- Film poster of the French edition
- Directed by: Mauro Bolognini
- Written by: Mauro Bolognini Goffredo Parise Tullio Pinelli
- Starring: Claudia Cardinale Anthony Franciosa
- Cinematography: Armando Nannuzzi
- Edited by: Nino Baragli
- Music by: Piero Piccioni
- Distributed by: Variety Distribution
- Release date: 1962;
- Country: Italy
- Language: Italian

= Careless (film) =

1962 film

Senilità (released in North America as Careless) is a 1962 Italian film directed by Mauro Bolognini. It stars Claudia Cardinale and Anthony Franciosa, and is based on the novel Senilità by Italo Svevo.

==Plot==
Approaching 40, Emilio, has lived among ideas and books, and is looking for a short-term relationship with no responsibilities. He seeks to emulate his friend Stefano (a successful womanizer) and tales of adventure that he has read about in books, but not experienced.

He meets the younger Angiolina, a beautiful and vivacious lady, whom he perceives as free and innocent. He will educate her in the ways of the world and reduce her naivety.
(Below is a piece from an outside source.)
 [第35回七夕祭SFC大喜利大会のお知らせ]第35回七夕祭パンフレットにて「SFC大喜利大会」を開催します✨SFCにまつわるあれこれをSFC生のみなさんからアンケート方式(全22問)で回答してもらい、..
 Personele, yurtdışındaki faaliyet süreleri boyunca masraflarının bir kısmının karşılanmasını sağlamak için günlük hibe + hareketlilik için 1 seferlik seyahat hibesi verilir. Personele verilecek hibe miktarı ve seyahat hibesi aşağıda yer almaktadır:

He happily tells his sister, Amalia, with whom he lives, of the encounter. She tells him not to do anything stupid, and asks if the lady is honest.
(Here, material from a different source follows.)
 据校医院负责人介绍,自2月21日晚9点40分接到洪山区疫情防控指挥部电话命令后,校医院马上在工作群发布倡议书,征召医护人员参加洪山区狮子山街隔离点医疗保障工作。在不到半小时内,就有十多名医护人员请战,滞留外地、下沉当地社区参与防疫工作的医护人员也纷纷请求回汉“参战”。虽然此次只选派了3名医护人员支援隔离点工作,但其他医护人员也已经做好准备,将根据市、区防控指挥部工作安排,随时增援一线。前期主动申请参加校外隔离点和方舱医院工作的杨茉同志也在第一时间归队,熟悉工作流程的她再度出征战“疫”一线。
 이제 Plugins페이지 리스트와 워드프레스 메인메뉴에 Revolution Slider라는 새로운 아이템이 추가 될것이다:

A colleague drops hints that Angiolina may not be quite the "little angel" that her name suggests. Photos in her home also suggest that she has known a number of men previously. Progressive observations of Angiolina, around Trieste, reveal her with multiple men.

During a trip to a restaurant, Angiolina also develops an instant rapport with Stefano, and he persuades her to pose for him ("dressed") in his work as a sculptor.

Meanwhile, his sister Amalia develops an infatuation with the talented Stefano. When Emilio stops Stefano from seeing her any more, it leads to tragic consequences...

==Cast==
- Anthony Franciosa: Emilio Brentani
- Claudia Cardinale: Angiolina Zarri
- Betsy Blair: Amalia Brentani
- Philippe Leroy: Stefano Balli
- Raimondo Magni: Visentini
- Aldo Bufi Landi: Soriani

== Accolades ==

- 1962 – San Sebastián International film festival
  - Concha de Plata fot Best Director: Mauro Bolognini
- 1963 – Nastro d'argento
  - Best Costumes: Piero Tosi
  - Best Scenography: Luigi Scaccianoce

== Legacy ==
A 2009 documentary, Senilità – Da Italo Svevo a Mauro Bolognini, "aims to revive those days 50 years ago, through the memories of those who participated or only attended the filming of the movie".

A 2019 Bolognini retrospective at the French Cinémathèque recalled that the film is a good example of how the filmmaker was "exceptional at directing actors".